<音声認識AIアシスタント開発で競う大手2社が連携。アマゾンとマイクロソフトのコラボで可能になることは>

人工知能(AI)の進化の波は、企業間の壁まで乗り越えるらしい。アマゾン・ドットコムとマイクロソフトは8月末、双方の音声認識AIアシスタントを接続し、連携させることを発表した。開発でしのぎを削る大手2社の連携は異例のことだ。

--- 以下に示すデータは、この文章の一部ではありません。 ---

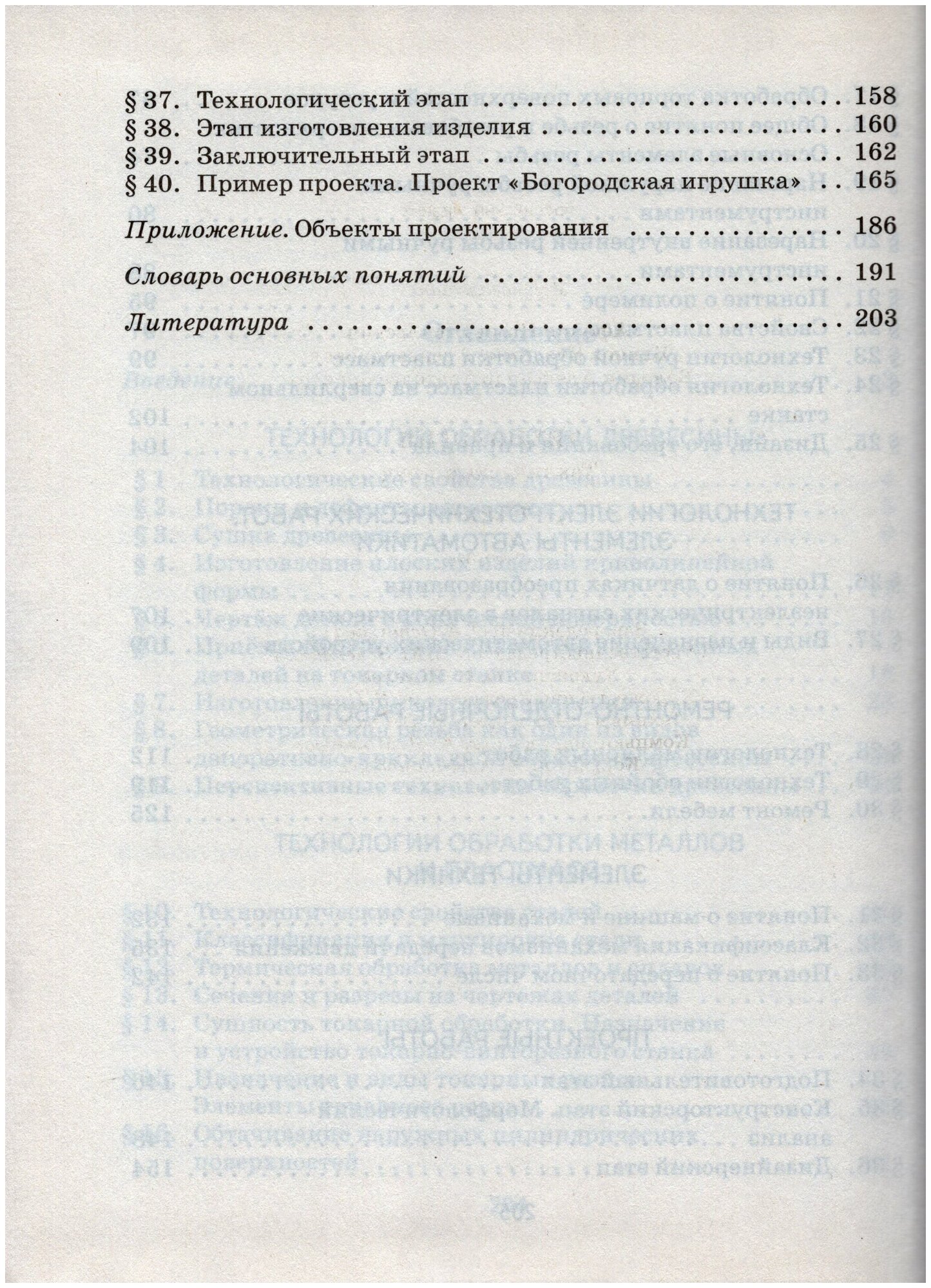 Учебник содержит сведения о технологических свойствах древесины и металлов. В нем приведены технологии обработки конструкционных материалов (обтачивание конических и фасонных поверхностей деталей из древесины на токарном станке, изготовление шипового соединения, выполнение геометрической резьбы; обтачивание наружных цилиндрических поверхностей металлических деталей, обработка их торцов и уступов на токарно-винторезном станке, нарезание наружной и внутренней резьбы ручными инструментами; обработка пластмасс на сверлильном станке). Дана информация о механизмах передачи движения, кинематической цепи, датчиках преобразования неэлектрических сигналов в электрические, простейших устройствах автоматики.

間もなく、アマゾンの「アレクサ」とマイクロソフトの「コルタナ」はどちらも、アマゾンの音声認識スピーカー「アマゾン・エコー」で使用できるようになる。「アレクサ」と呼び掛けてAIアシスタントを起動させていたエコーのユーザーは、「アレクサ、オープン・コルタナ」と言うだけでコルタナを呼び出せる。

同様にウィンドウズ10のユーザーは、「コルタナ、オープン・アレクサ」と話し掛ければアマゾンで買い物もできる。さらに双方のユーザーは、外部開発者がアレクサに提供する合計2万以上もの機能が利用可能になる。

アマゾンとマイクロソフトは今年中に接続を開始する予定。コルタナ経由でアレクサを利用することはウィンドウズ10のパソコンで一足先に実現し、その後にアンドロイドやiOSの機器でも対応。コルタナは、アレクサ搭載のあらゆるアマゾンの機器から利用できるようになる。

非常に珍しい大手2社のコラボだが、ニューヨーク・タイムズ紙は両社が16年5月から水面下で連携を探っていたと報じた。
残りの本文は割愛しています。